--- Your assignment ---
Using the data below, print exactly the line with "海康威视 B12V2-I (200万)视频监控设备", the line with "定例会議の時間帯と参加メンバ", and every line between them, but none of the pictures.

--- Exercise inputs ---
_ _ _
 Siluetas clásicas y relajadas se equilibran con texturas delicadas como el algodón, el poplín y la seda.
_ _ _
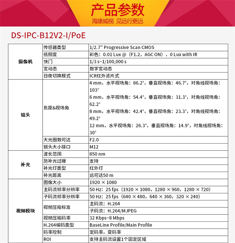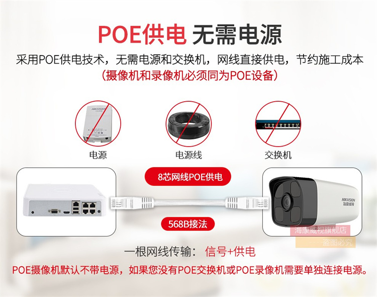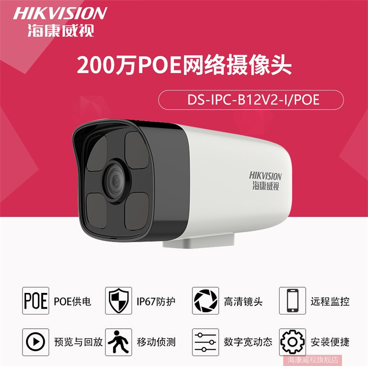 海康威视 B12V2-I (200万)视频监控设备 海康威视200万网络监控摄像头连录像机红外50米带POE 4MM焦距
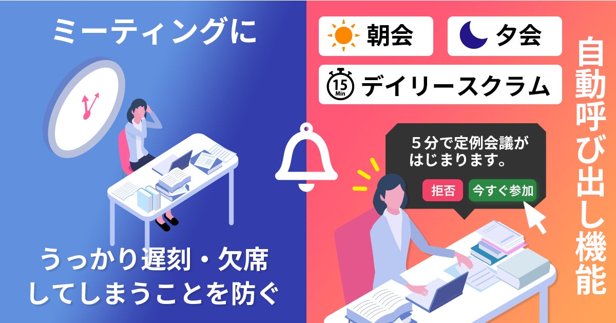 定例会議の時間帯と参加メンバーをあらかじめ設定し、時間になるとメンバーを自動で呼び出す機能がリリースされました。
_ _ _
--- Exercise response ---
 海康威视 B12V2-I (200万)视频监控设备 海康威视200万网络监控摄像头连录像机红外50米带POE 4MM焦距
 定例会議の時間帯と参加メンバーをあらかじめ設定し、時間になるとメンバーを自動で呼び出す機能がリリースされました。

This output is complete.